An output DM of the memory circuit which selects the liquid crystal drive voltage is taken out from an output of the inverter 122. The inverter 121 receives this signal DM as an input and an output of the inverter 121 is connected to a drain of the PMOS transistor 112.
The NMOS transistor 111 takes the “OFF” state when the scanning signal Vg is set to “0” and becomes the “ON” state when the scanning signal Vg is set to “1”. To the contrary, the PMOS transistor 112 becomes the “OFF” state when the scanning signal Vg is set to “1” and becomes the “ON” state when the scanning signal Vg is set to “0”. Accordingly, the memory circuit interrupts the brightness signal Vd when the scanning signal Vg is set to “0” and connects the output of the inverter 121 to the input of the inverter 122 so that data storage state is obtained. Further, when the scanning signal Vg is set to “1”, the memory circuit connects the brightness signal Vd to the input of the inverter 122 so as to obtain the data passing state.
FIG. 16 is an essential part circuit diagram for explaining another example of a memory circuit of a static memory type described in FIG. 2(b) of Japanese Laid-open Patent Publication 194205/1996. In the drawings, a portion surrounded by a chained line indicates a pixel memory. This circuit is comprised of switching elements 21, 22, 23 and 24 which are formed of thin film transistors arranged at intersecting portions between scanning lines 3 and signal lines 4. The switching elements 22, 23 constitute an inverter and forms a memory circuit.
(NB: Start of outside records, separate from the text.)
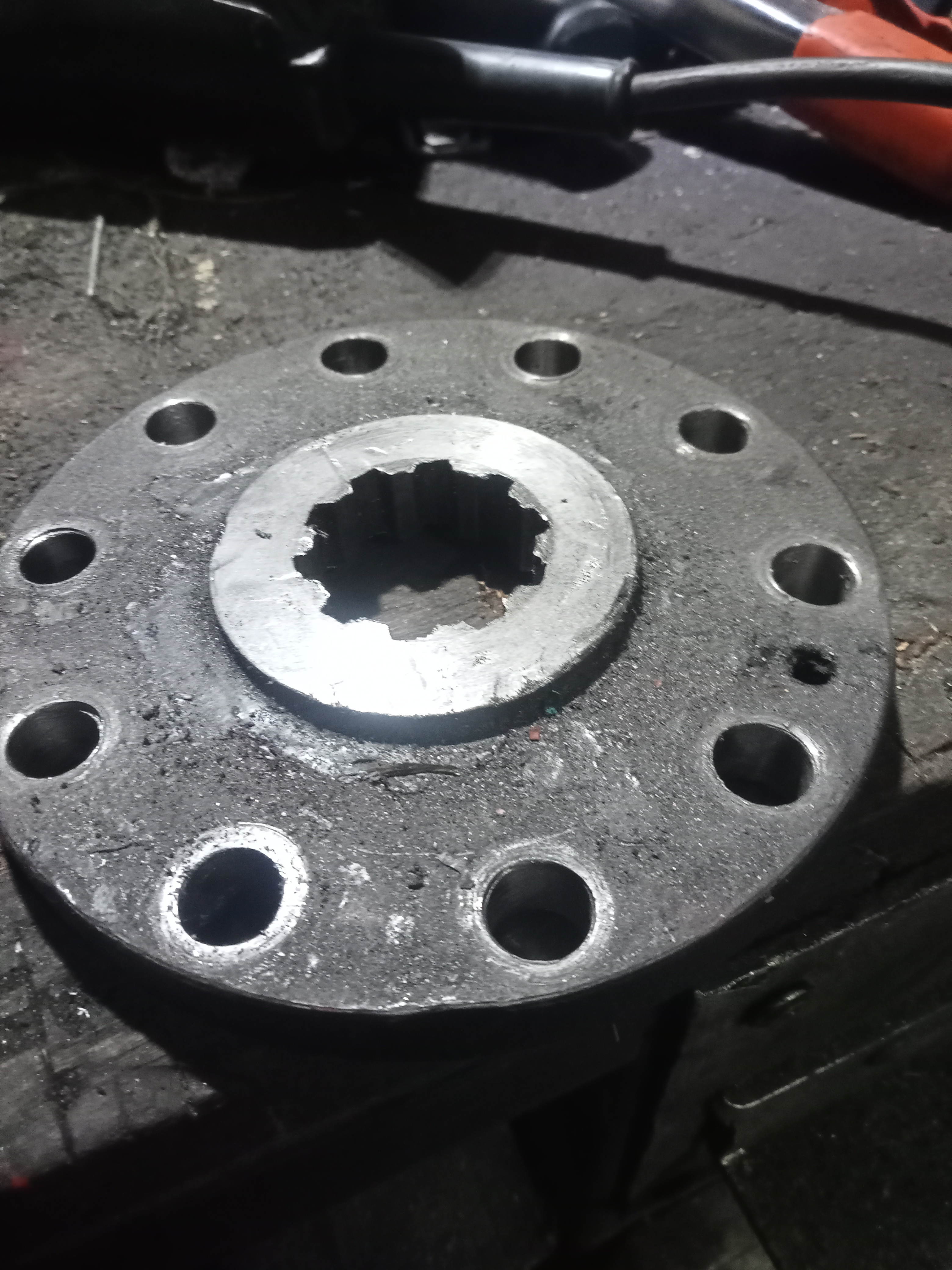 A pièce was cut from the original hub and grooves were machined on the outside.
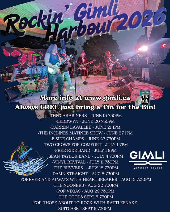 The RM of Gimli’s tourism department finalized a lineup of free musical entertainment that includes Leddwyn, Two Crows for Comfort, Free Ride Band, The Bivvers and Pop Vegas.
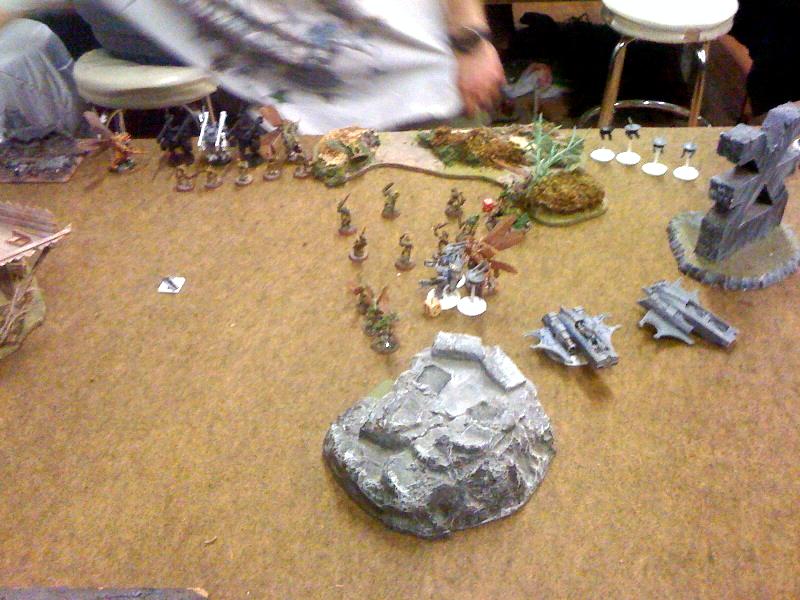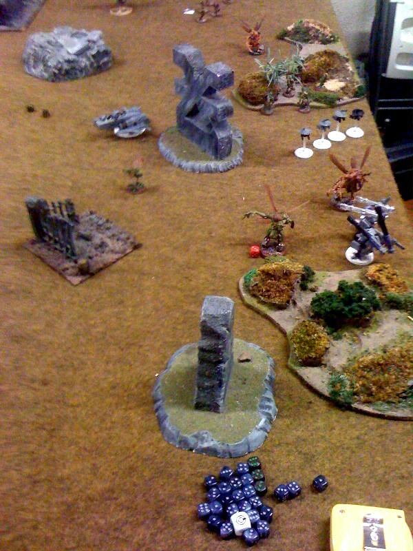 The broadsides down the blight drone that shot up the warriors, he takes some strength 5 shots at the wounded daemon prince, but is unable to get the last wound on him.

A scanning voltage (pulse) is applied to the scanning line 3 and, in synchronism with this step, a signal which controls the opening/closing of the switching element 24 is inputted to the switching element 21 though the signal line 4.
As other prior art which provides a memory to each pixel, there have been known techniques disclosed in Japanese Laid-open Patent Publication 102530/1994, Japanese Laid-open Patent Publication 286170/1996, Japanese Laid-open Patent Publication 113867/1997, Japanese Laid-open Patent Publication 212140/1997, Japanese Laid-open Patent Publication 65489/1997 and Japanese Laid-open Patent Publication 75144/1999.
However, in any one of these prior arts, a DC voltage whose voltage level is not changed is applied to a power supply node of a memory circuit of each pixel every hour and hence, a technical concept to apply an AC voltage whose voltage level is changed along with the lapse of time to a power supply node of a memory circuit has been neither disclosed nor suggested in these prior arts.
Accordingly, in any one of these prior arts, it is necessary to particularly provide wiring for supplying a DC current for each pixel to maintain the storage of memory of each pixel.
In the above-mentioned conventional constitution, since the liquid crystal display device adopts the static memory type, it is necessary to supply two fixed voltages to each pixel, that is, high and low voltages which are originally unnecessary in a pixel array portion of the liquid crystal display device and hence, particular wiring for such fixed voltages becomes necessary and this leads to the lowering of the numerical aperture particularly in the transmission type liquid crystal display device.
Further, not to mention with respect to the transmission type liquid crystal display device, even in the reflection type liquid crystal display device and the electroluminescence display device, wiring of peripheral circuits such as drivers which drive pixels becomes large in number so that the peripheral region of the display device becomes large thus interrupting the miniaturization of the liquid crystal display device.